National
In yet another turnaround, government to allow one to two repatriation flights a day
Cabinet decision comes days after a decision not to bring back any migrant workers citing lack of quarantine and less than two weeks after limiting the number of returnees to 500 a day.Tika R Pradhan
Resorting to further vacillation over the repatriation of the migrant workers awaiting to return home, the Cabinet on Thursday decided to allow one or two flights a day into the country.
The Cabinet meeting has decided to direct four ministers including Deputy Prime Minister Ishwor Pokhrel, Home Minister Ram Bahadur Thapa, Health Minister Bhanubhakta Dhakal and Finance Minister Yubaraj Khatiwada to make necessary decisions and arrangements of the international flights.
The government may come up with a concrete decision on Friday, according to a source familiar with the matter.
This is the fourth different decision the government has made over repatriation of workers over a period of two weeks.
First, the government had extended the repatriation flights up to August 30, allowing at least a dozen of flights daily.
Then it imposed a daily quota of bringing 500 migrant workers—300 of them on the recommendations by Nepali missions abroad and 200 under the Foreign Employment Welfare Fund repatriation programme which covers their airfare.
But on Monday, citing a sudden rise in coronavirus cases, the government decided to completely stop the repatriation flights.
The decision, however, faced criticism, and on Thursday, the fourth decision came, saying the government may allow one or two flights a day.
At least two ministers told the Post that the Cabinet decided to limit the daily rescue flight to one to two.
“With no proper arrangements to manage them after they return, the government has decided to limit the rescue flights,” Tourism Minister Yogesh Bhattarai told the Post. “Since the returnees have to stay at hotels in quarantine at their own expenses, we have decided to limit the flights.”
It was Bhattarai who had been given responsibility by the Covid Crisis Management Centre to arrange quarantine facilities for the Nepalis returning home. Accordingly, the government had published the names of around 65 hotels where quarantine facilities were set up.
The government had negotiated the rate that ranged from Rs2,000 to Rs8,000 per night, depending on the standard of the hotels.
According to hoteliers, only a few hotels were used as quarantine facilities and they were partially occupied by health workers.
Rameshwor Raya Yadav, minister for labour, employment and social security, said returnees having PCR reports not older than 72 hours would be sent home but others would be kept in quarantine for seven days and their PCR test would be conducted.
All those coming from abroad will be quarantined if they do not have results of PCR tests, another minister told the Post.
Earlier on Monday, the Covid Crisis Management Centre had announced that since coronavirus cases have increased in recent days and local levels have issued prohibitory orders, there has been no information on available hotels for quarantining the returnees.

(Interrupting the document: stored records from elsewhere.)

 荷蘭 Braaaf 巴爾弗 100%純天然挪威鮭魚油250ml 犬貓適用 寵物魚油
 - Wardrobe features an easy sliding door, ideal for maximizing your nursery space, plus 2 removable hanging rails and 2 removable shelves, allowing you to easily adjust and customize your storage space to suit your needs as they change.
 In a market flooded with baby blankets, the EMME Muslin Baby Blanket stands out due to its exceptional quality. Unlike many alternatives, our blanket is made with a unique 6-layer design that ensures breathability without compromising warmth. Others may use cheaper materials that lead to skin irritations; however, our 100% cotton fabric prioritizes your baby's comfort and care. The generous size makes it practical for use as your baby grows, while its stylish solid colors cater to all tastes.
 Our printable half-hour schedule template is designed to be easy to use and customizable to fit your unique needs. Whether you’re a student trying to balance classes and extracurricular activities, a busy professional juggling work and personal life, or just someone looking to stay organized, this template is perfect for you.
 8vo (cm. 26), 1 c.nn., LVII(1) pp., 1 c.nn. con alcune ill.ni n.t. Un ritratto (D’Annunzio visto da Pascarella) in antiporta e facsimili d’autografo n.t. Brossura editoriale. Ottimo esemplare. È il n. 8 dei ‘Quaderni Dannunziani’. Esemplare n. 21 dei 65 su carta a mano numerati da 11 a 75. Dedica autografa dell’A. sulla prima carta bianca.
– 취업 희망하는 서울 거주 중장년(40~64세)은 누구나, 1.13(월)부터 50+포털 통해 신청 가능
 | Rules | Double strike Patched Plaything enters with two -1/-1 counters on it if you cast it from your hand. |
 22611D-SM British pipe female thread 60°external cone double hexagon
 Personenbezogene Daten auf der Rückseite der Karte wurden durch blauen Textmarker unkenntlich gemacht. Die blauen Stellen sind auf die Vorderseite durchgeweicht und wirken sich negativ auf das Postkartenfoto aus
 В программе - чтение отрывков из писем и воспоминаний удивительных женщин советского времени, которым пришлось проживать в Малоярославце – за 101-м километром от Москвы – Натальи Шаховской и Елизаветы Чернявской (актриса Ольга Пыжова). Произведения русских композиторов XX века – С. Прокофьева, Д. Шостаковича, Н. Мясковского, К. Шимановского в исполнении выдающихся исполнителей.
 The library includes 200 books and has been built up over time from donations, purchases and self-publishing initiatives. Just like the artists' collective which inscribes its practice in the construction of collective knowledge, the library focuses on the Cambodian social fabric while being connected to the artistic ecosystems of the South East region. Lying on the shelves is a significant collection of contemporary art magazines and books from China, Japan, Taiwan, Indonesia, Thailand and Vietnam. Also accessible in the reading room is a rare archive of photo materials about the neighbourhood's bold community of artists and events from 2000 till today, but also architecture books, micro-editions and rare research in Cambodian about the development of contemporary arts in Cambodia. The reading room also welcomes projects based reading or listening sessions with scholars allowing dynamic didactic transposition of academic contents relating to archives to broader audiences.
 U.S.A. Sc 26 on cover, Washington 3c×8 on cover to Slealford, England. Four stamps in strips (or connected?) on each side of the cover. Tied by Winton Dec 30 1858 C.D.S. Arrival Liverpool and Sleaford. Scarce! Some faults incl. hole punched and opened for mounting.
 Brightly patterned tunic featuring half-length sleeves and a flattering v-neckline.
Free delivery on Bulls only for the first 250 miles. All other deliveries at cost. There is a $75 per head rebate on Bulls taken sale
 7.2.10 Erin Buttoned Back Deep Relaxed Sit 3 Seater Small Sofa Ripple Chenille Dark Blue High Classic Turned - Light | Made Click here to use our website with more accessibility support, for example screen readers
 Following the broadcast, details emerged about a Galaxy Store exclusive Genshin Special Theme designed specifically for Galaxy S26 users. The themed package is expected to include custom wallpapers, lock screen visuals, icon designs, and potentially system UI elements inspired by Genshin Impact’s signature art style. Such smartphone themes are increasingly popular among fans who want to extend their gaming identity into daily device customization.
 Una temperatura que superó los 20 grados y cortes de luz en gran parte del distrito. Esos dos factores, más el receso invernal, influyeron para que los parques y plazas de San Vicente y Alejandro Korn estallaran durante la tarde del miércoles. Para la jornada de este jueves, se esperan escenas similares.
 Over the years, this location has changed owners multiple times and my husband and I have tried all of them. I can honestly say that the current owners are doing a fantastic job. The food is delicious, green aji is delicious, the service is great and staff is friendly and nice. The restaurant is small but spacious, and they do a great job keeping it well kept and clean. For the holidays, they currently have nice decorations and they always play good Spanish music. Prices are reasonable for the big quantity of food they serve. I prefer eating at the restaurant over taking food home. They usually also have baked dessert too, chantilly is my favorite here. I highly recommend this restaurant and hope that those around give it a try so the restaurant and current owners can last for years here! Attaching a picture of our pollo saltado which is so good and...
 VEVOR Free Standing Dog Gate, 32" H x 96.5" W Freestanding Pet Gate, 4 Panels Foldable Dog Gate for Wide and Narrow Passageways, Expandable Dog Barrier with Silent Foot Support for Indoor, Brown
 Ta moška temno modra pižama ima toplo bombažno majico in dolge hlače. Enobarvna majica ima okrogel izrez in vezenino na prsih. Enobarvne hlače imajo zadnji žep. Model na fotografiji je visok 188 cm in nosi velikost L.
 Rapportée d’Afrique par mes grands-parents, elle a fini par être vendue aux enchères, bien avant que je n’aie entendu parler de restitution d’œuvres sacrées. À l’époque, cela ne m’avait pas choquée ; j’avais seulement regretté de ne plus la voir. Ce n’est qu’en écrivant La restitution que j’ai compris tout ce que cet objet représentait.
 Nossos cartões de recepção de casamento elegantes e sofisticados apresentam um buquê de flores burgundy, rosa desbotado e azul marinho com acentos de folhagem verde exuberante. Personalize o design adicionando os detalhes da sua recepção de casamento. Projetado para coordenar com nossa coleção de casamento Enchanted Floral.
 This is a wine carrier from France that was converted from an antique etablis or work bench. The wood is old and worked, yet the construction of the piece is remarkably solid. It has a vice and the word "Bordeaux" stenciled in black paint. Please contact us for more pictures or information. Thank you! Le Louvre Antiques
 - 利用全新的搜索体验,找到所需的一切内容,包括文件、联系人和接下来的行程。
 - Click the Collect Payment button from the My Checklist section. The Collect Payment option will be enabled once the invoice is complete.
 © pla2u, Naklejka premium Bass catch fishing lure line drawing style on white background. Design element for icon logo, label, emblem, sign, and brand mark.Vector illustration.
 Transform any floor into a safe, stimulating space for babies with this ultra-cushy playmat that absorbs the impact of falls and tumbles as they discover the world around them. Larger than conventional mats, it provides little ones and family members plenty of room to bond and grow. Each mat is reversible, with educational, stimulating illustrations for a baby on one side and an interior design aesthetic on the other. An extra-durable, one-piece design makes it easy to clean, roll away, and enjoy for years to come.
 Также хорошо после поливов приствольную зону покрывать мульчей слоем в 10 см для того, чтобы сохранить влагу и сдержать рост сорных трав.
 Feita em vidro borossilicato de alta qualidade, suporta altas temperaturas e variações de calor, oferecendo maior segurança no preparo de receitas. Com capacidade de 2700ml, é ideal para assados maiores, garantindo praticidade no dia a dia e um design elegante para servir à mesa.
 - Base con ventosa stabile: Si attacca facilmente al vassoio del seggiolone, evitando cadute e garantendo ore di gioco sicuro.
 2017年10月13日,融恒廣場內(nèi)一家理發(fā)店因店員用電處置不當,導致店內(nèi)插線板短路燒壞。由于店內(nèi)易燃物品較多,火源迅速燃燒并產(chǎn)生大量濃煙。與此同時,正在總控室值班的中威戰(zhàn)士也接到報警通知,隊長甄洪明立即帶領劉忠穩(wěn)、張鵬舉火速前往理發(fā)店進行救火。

“Hence, all flights should be suspended,” the Committee wrote to the Ministry of Tourism and Civil Aviation.
Migrant workers who had already reached the airport in the United Arab Emirates were disappointed and the Nepal Airlines flight that had gone to bring them had returned empty.
A wide body jet of Nepal Airlines can accommodate 274 passengers.
On August 10, the Cabinet decided to allow only 500 migrant workers to return home per day.
The decision had come under fire from labour migration experts and the National Human Rights Commission saying that at that rate, it would take months before the migrants returned home.
Government spokesperson Yubaraj Khatiwada told a recent press briefing that nearly 45,000 migrant workers have registered themselves with Nepali embassies and missions abroad to return home. With two flights a day, it would take months for them to return.
According to an estimate by the National Human Rights Commission, in addition to hundreds of thousands awaiting repatriation, visas of about 1,500 Nepali workers are expiring every day.
Earlier this week the United Arab Emirates announced that foreign workers in the country whose visas had expired before March would have to leave the country by November 17 or else face punishment and fines.
Thursday's Cabinet also decided to set up 10,000 isolation beds in Kathmandu Valley, screen people in areas with the high number of coronavirus cases and direct local authorities to impose prohibitory orders in districts with more than 200 cases.